> [Data in this exercise]:
══════════════════════════════

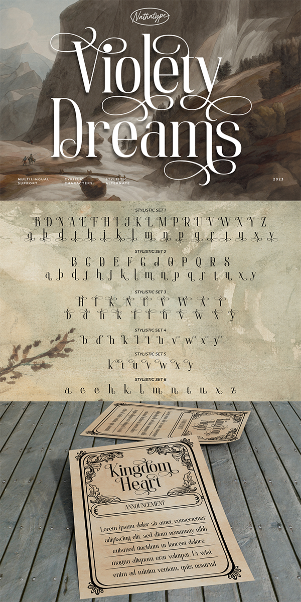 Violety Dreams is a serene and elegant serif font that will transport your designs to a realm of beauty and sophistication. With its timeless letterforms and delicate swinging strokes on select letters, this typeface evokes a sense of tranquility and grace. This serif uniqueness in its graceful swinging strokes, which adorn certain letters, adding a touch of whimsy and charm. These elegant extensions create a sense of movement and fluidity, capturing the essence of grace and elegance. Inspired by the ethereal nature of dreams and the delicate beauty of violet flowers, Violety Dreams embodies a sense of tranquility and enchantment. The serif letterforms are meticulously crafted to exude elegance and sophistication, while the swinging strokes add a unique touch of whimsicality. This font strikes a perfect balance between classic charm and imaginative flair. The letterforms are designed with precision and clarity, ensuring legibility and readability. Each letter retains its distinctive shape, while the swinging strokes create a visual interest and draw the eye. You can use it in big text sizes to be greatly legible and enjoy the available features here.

══════════════════════════════

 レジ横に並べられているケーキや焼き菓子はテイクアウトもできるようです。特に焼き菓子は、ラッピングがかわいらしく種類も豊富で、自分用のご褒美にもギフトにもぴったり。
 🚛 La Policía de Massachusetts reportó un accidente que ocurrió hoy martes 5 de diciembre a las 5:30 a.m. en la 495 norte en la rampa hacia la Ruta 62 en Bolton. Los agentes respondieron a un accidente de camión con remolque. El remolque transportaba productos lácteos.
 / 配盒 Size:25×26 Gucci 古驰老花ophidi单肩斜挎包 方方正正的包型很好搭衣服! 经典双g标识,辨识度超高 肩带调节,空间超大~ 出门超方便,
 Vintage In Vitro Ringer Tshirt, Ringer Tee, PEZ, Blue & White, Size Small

══════════════════════════════

> [Exercise instructions]:
Above are the records. Print exactly, and only, the lines from the line with "レジ横に並べられているケーキ" to the line with "Vintage In Vitro", both inclusive.

> [Exercise result]:
 レジ横に並べられているケーキや焼き菓子はテイクアウトもできるようです。特に焼き菓子は、ラッピングがかわいらしく種類も豊富で、自分用のご褒美にもギフトにもぴったり。
 🚛 La Policía de Massachusetts reportó un accidente que ocurrió hoy martes 5 de diciembre a las 5:30 a.m. en la 495 norte en la rampa hacia la Ruta 62 en Bolton. Los agentes respondieron a un accidente de camión con remolque. El remolque transportaba productos lácteos.
 / 配盒 Size:25×26 Gucci 古驰老花ophidi单肩斜挎包 方方正正的包型很好搭衣服! 经典双g标识,辨识度超高 肩带调节,空间超大~ 出门超方便,
 Vintage In Vitro Ringer Tshirt, Ringer Tee, PEZ, Blue & White, Size Small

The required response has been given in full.